Однако, когда они подъехали к ресторану и, дождавшись остальных, вышли из машины, стало очевидно, что без дискуссии не обойтись: те, кто ехал во второй машине, тоже, оказалось, заспорили о выборах. Филипп, услышав это, поморщился, как от зубной боли.

В ресторане, еле переждав официанта, все заспорили буквально стенка на стенку, с яростью, как не играли и в футбол. Каменевы и Алферовы бились за свое, остальные, объединившись, предъявляли им то за Путина, то за «Единую Россию».

– Вот ты, Семен, все говоришь «проклятые девяностые!», «Ельцин вор»… – прищурив глаза, говорил Фомин. – А вот ответь – сколько у Ельцина дач было? А?

– А чего это ты про дачи? – чувствуя подвох, насторожился Семен Каменев.

– А того! – веско сказал Фомин. – У Путина сейчас по всей России не меньше десятка дворцов. Ради Ельцина горы в Горном Алтае не взрывали и дороги по миллиону рублей за квадратный метр не прокладывали. Он в этот дворец приедет-то раз в два-три года на пять дней. Пожил бы и в избушке – так нет! Цари так не относились к России, как он относится.

– Мужики, давайте заключим пивное перемирие… – взмолился Яков Алферов.

– Мы чего сегодня собрались? В футбол поиграть и пивка выпить. Отдохнуть, развеяться.

Фомин сумрачно глянул на него, но ничего не сказал.

Они – кто хотел – выпили по глотку. Беседа не клеилась. Если кто открывал рот, то лишь чтобы попросить соли там или салфеток. Первым то, что политики не миновать, признал Каменев.

– А ты чего, Филя, на митинг-то ходил? – спросил он.

– Ну как… – осторожно начал Филипп. – Интересно. Такие вещи творятся. Надо своими глазами видеть.

– Какие – такие? – вскинулся Семен.

– В 1991-м году тоже вон творилось. И что? Такую страну в унитаз спустили!

– Семен, вот есть у тебя голова, так ты ею думай! – сказал Фомин.
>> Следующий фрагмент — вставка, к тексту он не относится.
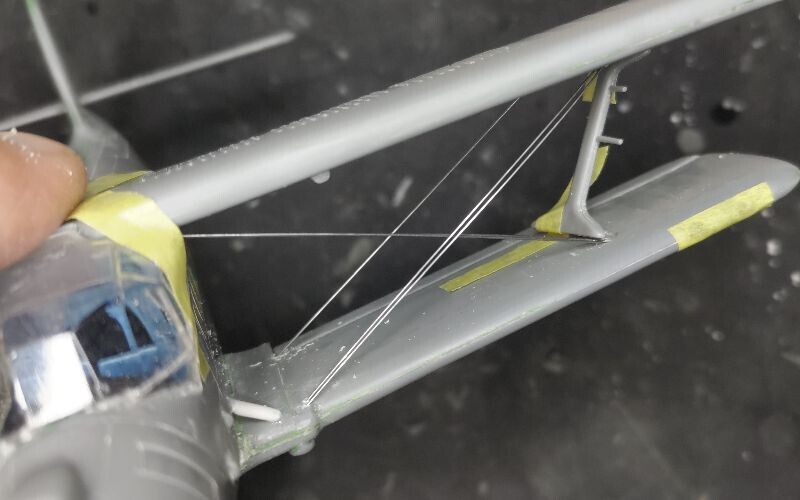 張線の下拵えができたら、改めて上翼を接着し、翼間支柱も接着しました。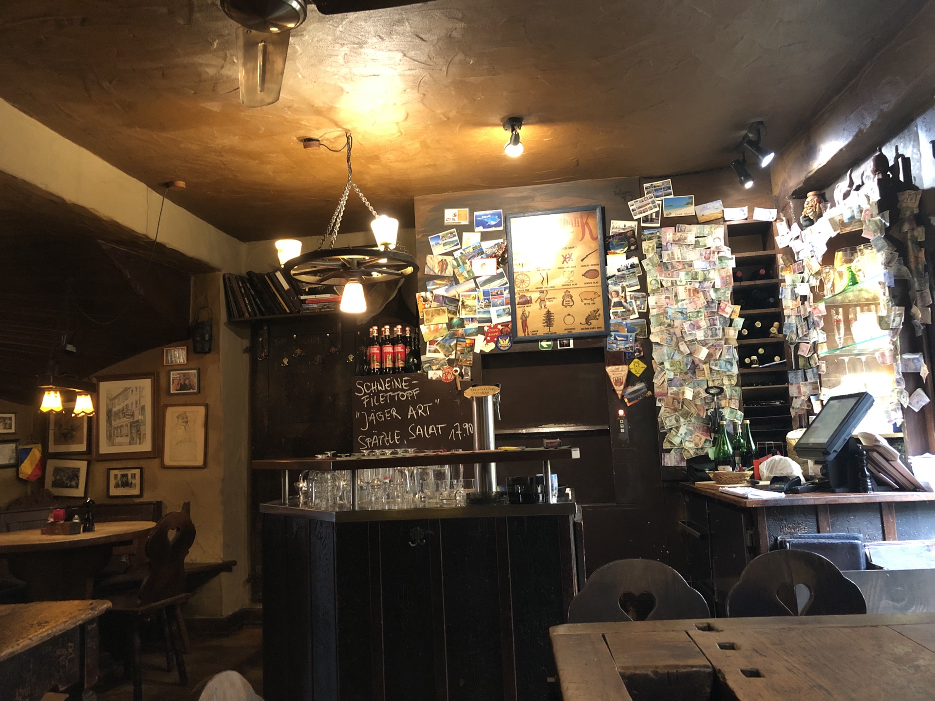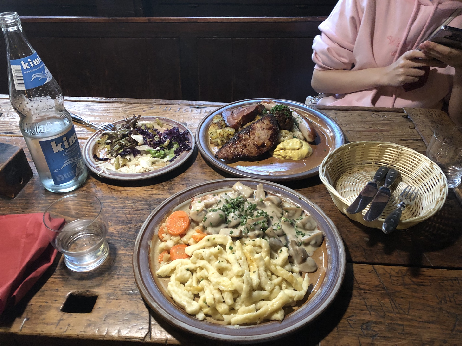 网红店:炸猪排银行。。(Schnitzelbank)就在海德堡老城主街上旁边的小分支上,很容易找到。我们掐准了时间赶在了开门的时候第一个到,而且幸运的是不用预约就有位置。老板一个人太忙了,但是味道很好,量很足!我和媳妇儿吃了一共37.7欧的两大盘大肉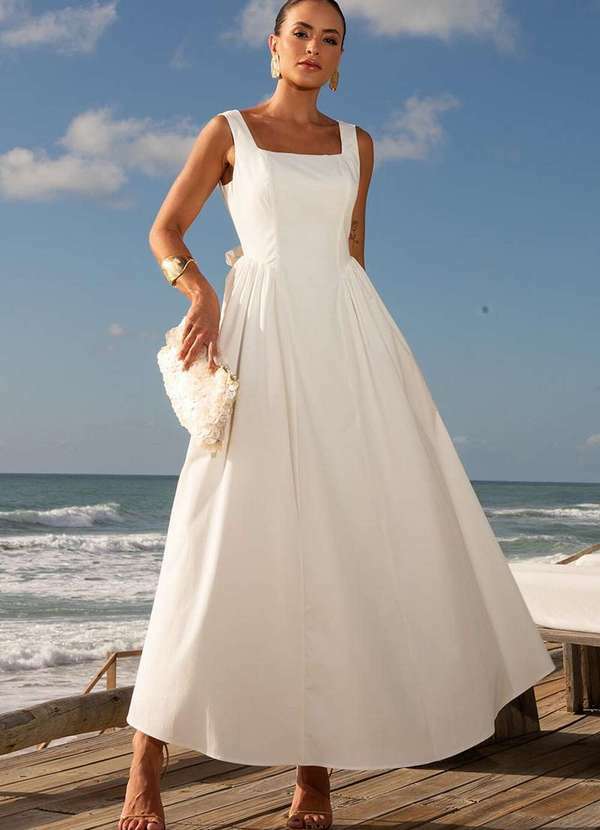 Dot Clothing - Vestido Dot Clothing Longuete Hortensia Laco Branco
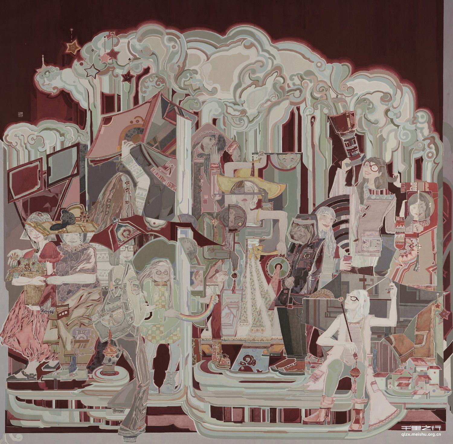 本作品追求平面拼接叠加的视觉效果,脱离完全写实的人物造型,以工笔重彩的形式,研习壁画层叠厚重的赋色手法和传统工笔画水色相撞晕染的形式,展现出厚薄结合、层次多变、色彩丰富的活泼面貌。我希望以明丽多彩的画面引人驻足回望,探寻画面中暗藏的彩蛋。

Он был здесь старше всех, поневоле его слушали внимательно. – Советский Союз помер бы в любом случае. Потому что экономическая модель была нежизнеспособная.

– Скажете тоже, Игорь Сергеич! – проговорил Андрей Каменев. – Чего бы нежизнеспособная?! Семьдесят лет стояла страна.

– А я знаю, что говорю… – ответил Фомин. – И ты бы меньше верил тому, что тебе из телевизора говорят. Какие семьдесят лет? Сначала была революция. Потом – гражданская война. Потом – восстанавливали страну после гражданской. Потом – готовились к новой войне. Потом опять воевали, и опять восстанавливали. И социализм строить взялись только в конце 50-х годов. А в середине 80-х уже жрать нечего было, карточки ввели. Нормальной жизни и тридцати лет не было. Что же это за великая страна? В СССР за товар не давали настоящую цену, и за труд не давали настоящую цену. А без этого экономики не бывает.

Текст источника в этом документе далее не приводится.